## anonymous 4 years ago 21.) For what values of x may (x+1)^(1/3) be replaced by x^(1/3), if the allowable error is 0.01? ans... x>192 22.) For what values of x may (x+1)^(1/4) be replaced by x^(1/4), if the allowable error is 0.01? ans... x>73

1. anonymous

2. mathmate

21. Solve $(x+1)^{1/3}-x^{1/3}=0.01$ Depending what maths you're doing, you can solve the equation by trial and error or by Newton's method.

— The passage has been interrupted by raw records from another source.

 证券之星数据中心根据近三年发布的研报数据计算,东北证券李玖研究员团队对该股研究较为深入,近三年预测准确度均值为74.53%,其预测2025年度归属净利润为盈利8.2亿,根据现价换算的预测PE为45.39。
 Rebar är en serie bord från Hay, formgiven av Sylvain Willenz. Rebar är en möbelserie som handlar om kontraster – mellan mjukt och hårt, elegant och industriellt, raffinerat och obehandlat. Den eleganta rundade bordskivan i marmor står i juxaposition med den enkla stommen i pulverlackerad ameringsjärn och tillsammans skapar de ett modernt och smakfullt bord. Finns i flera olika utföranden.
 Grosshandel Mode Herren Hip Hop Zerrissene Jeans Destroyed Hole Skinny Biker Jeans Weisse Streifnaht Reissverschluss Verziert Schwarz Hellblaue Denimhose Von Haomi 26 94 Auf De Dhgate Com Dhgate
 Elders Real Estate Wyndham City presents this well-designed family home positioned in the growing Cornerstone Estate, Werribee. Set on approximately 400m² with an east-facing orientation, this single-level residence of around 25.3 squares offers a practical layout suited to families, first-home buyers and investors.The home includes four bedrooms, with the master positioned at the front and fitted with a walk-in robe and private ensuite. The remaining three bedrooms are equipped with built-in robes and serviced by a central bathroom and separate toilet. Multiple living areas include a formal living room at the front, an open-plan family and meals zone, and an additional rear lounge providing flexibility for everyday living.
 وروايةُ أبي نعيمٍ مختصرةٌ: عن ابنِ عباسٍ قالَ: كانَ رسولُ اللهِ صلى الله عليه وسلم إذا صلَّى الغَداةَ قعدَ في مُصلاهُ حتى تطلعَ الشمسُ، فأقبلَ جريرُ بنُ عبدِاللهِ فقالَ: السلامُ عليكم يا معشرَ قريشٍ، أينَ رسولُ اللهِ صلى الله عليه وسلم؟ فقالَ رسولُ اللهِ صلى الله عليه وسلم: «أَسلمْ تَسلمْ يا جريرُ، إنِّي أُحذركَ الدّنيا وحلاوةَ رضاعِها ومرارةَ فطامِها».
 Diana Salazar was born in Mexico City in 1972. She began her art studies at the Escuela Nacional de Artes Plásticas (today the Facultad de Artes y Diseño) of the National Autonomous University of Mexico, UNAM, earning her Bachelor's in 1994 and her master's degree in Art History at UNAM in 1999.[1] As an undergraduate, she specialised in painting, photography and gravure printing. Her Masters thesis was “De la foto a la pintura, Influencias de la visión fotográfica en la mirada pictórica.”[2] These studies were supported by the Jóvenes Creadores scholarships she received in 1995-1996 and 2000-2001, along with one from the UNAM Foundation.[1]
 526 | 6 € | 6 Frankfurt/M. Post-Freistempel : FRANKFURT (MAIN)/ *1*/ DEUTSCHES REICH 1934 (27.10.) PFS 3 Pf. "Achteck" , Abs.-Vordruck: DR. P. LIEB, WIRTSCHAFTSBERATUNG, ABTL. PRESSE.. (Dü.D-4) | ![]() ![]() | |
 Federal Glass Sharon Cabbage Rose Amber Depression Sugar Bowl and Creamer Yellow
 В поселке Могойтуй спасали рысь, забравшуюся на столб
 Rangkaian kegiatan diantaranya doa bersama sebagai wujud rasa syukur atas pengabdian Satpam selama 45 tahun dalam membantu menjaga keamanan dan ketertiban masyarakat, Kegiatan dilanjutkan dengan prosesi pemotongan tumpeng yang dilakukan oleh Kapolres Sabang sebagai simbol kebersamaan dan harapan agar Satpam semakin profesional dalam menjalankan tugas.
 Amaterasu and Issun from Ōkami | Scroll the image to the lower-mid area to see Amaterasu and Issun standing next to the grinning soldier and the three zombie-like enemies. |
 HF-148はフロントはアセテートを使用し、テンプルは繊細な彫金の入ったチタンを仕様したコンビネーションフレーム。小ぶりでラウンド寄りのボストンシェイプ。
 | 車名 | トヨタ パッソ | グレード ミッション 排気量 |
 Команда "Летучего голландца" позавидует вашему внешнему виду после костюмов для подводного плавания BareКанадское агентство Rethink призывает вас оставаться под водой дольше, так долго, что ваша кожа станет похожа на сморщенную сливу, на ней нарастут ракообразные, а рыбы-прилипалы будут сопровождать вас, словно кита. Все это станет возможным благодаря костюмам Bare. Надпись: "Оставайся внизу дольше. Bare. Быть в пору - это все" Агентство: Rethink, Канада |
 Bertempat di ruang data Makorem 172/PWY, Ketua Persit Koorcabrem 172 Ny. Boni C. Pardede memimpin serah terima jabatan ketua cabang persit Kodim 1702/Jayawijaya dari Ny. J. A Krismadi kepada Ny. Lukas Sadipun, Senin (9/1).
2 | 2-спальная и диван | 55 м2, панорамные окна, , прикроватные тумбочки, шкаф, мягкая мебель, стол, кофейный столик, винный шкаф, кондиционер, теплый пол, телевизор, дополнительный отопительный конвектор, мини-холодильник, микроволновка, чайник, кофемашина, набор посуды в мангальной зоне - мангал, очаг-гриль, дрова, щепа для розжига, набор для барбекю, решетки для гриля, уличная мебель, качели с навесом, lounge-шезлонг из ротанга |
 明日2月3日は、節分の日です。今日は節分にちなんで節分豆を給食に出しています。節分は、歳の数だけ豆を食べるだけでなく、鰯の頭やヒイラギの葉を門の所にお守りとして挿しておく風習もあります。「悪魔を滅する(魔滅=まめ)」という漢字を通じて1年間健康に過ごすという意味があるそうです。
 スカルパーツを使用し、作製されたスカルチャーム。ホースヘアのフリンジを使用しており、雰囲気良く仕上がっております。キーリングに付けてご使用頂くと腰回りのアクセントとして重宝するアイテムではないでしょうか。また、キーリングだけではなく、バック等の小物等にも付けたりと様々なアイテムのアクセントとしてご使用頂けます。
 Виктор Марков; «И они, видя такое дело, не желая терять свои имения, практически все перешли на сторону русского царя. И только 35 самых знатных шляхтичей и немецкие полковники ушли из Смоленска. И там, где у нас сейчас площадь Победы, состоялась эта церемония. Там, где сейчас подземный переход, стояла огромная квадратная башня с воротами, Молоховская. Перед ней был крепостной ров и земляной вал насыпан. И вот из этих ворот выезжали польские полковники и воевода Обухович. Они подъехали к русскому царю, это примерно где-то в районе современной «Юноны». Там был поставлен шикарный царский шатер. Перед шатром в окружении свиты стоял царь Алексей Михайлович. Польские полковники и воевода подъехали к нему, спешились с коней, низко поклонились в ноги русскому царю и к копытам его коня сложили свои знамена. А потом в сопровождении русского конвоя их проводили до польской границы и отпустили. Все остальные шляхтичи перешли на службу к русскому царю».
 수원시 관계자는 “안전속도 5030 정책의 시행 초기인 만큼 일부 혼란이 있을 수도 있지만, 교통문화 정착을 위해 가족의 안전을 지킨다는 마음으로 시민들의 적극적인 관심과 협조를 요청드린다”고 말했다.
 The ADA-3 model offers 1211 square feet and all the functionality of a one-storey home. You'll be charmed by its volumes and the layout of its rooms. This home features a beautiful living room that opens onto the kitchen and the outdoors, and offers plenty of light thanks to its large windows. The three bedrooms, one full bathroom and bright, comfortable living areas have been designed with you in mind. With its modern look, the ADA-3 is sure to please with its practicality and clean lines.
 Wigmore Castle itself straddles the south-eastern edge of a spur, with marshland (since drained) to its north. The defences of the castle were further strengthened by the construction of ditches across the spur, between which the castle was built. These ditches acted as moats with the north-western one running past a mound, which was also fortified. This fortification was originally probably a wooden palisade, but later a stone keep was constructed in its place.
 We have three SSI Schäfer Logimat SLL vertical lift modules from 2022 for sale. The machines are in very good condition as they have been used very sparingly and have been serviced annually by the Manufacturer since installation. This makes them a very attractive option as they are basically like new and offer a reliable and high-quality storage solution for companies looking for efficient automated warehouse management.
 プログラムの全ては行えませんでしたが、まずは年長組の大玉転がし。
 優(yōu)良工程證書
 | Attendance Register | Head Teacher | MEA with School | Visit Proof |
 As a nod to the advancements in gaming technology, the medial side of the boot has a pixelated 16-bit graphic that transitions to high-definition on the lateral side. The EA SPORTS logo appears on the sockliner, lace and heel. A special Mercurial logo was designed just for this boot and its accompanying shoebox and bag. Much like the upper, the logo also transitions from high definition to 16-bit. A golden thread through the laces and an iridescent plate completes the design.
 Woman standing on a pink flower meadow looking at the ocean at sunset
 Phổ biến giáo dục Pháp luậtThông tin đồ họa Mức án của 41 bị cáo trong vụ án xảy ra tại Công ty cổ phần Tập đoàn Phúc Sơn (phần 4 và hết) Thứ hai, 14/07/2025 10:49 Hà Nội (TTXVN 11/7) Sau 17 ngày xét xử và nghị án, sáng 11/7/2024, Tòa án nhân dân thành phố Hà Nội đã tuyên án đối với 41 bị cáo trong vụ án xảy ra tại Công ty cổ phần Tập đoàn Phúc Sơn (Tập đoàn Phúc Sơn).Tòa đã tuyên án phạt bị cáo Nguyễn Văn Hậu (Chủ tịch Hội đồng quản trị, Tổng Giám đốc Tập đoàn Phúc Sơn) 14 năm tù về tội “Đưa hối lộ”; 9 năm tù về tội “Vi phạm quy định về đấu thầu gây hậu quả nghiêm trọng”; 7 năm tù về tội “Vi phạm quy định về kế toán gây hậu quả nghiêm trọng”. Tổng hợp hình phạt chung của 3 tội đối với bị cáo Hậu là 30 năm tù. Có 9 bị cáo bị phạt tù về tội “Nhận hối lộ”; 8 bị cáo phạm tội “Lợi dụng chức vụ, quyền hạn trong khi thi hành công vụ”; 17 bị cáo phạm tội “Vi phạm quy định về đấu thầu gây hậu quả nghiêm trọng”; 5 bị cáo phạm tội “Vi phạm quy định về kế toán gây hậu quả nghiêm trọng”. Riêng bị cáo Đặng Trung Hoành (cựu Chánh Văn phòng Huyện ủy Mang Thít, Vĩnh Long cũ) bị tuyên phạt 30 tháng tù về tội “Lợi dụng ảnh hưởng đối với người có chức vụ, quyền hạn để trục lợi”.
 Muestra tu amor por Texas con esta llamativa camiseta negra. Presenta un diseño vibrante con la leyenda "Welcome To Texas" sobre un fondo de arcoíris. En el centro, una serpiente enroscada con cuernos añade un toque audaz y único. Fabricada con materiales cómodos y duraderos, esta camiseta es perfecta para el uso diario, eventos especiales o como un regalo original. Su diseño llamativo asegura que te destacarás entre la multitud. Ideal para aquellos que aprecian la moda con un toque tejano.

You'll find that for x$$\le$$192, the left-hand-side is greater than 0.01. So the answer is x>192. For #22, the process is the same.

3. anonymous

Thanks, but what's the solution using approximating formulas (Differentials)?

4. mathmate

Thanks for providing the context. Let f(x)=x^(1/3) f'(x)=(1/3)x^(-2/3) Using linearization, $$\Delta f = f'(x) \Delta x$$ Put $$\Delta x=1\, \ and\ \Delta f = 0.01,$$ we get $$f'(x)=\frac{1}{3}x^{-\frac{2}{3}}=0.01/1=0.01$$ solving, $$x=(3*0.01)^{-\frac{3}{2}}=192.45009\ (approx.)$$

5. anonymous

Thanks a lot! We haven't discussed linearization yet though (I don't even know what it is yet) but I'll try to understand. Thanks!